Decyzję o sześcioletnim okresie dyskwalifikacji dla Christiana Hoffmanna potwierdził we wtorek Andreas Schwab, przewodniczący Austriackiej Agencji Antydopingowej (NADA). Na łączną karę składają się dwie mniejsze. I tak, dwuletnie zawieszenie austriacki narciarz otrzymuje za bycie klientem banku krwi i osocza, natomiast czteroletnie za posiadanie laboratoryjnej wirówki do preparatyki krwi. Dla Hoffmanna nie będzie to już miało większego znaczenia, gdyż w marcu 2010 roku ogłosił zakończenie kariery, tuż po tym gdy ... został zawieszony na dwa lata za podejrzenia o stosowanie dopingu.

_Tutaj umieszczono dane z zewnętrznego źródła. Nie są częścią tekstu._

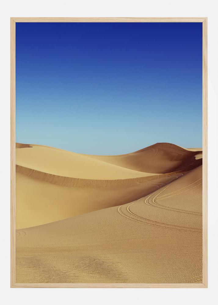 Ein lebhaftes Poster mit atemberaubenden gelben Dünen und zwei Reifenspuren, die in einer Kurve verlaufen. Die leuchtenden Dünen werden durch das aufregende Blau des Himmels noch verstärkt. Verlieren Sie sich in diesem weiten Raum, wenn Sie dieses atemberaubende Bild an Ihre Wand hängen.
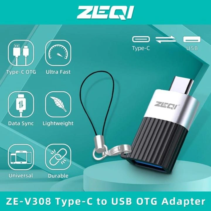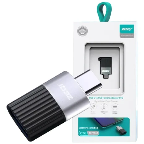 The ZEQI ZE-V308 is a compact USB Type-C to USB-A female OTG (On-The-Go) adapter designed to connect Type-C mobile devices to USB peripherals, such as flash drives, keyboards, game controllers, and mice.

Mimo to jego prawnik zapowiedział apelację.
Austriacki narciarz, specjalista od stylu dowolnego, oficjalnie nigdy nie został przyłapany na stosowaniu nielegalnych środków, jednak jego nazwisko przejawiało się w kontekście wielu spraw w jego kraju, w którym w ciągu ostatniej dekady wielokrotnie głośno było o dopingu w biegach narciarskich i biathlonie - karani dyskwalifikacją byli m.in. Wolfgang Perner, Wolfgang Rottmann, Johannes Eder, Martin Tauber, a także trener Walter Mayer, uznawany za mózg całego systemu dopingowego. Sam Hoffmann nie wpadł, jednak wraz z upływem lat mało kto wierzył już, że jest czysty.

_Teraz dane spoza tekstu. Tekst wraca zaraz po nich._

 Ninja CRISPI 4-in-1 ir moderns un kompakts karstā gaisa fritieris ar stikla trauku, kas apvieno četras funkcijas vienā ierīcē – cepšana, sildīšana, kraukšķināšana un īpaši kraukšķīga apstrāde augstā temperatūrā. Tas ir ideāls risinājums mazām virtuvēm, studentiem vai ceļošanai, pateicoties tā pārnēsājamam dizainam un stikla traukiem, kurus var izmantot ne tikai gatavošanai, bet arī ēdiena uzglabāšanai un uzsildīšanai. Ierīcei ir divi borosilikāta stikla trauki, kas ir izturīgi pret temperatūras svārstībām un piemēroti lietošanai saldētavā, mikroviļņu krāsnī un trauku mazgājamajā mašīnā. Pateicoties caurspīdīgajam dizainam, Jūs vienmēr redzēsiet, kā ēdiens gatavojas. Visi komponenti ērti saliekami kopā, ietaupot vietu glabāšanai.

Największym sukcesem 36-letniego dziś Austriaka jest tytuł mistrza olimpijskiego w biegu na 30 kilometrów zdobyty w 2002 roku w Salt Lake City. Hoffmann przekroczył wtedy linię mety jako drugi, jednak zwycięzca, Johan Muehlegg, został wkrótce potem ... zdyskwalifikowany za doping. Cztery lata wcześniej w Nagano Austriak był jednym z bohaterów maratonu na 50 kilometrów, przez wielu uznawanego za bieg wszech czasów, w którym stoczył wspaniały pojedynek z Bjoernem Daehlie i Niklasem Jonssonem. Zdobył wtedy brązowy medal.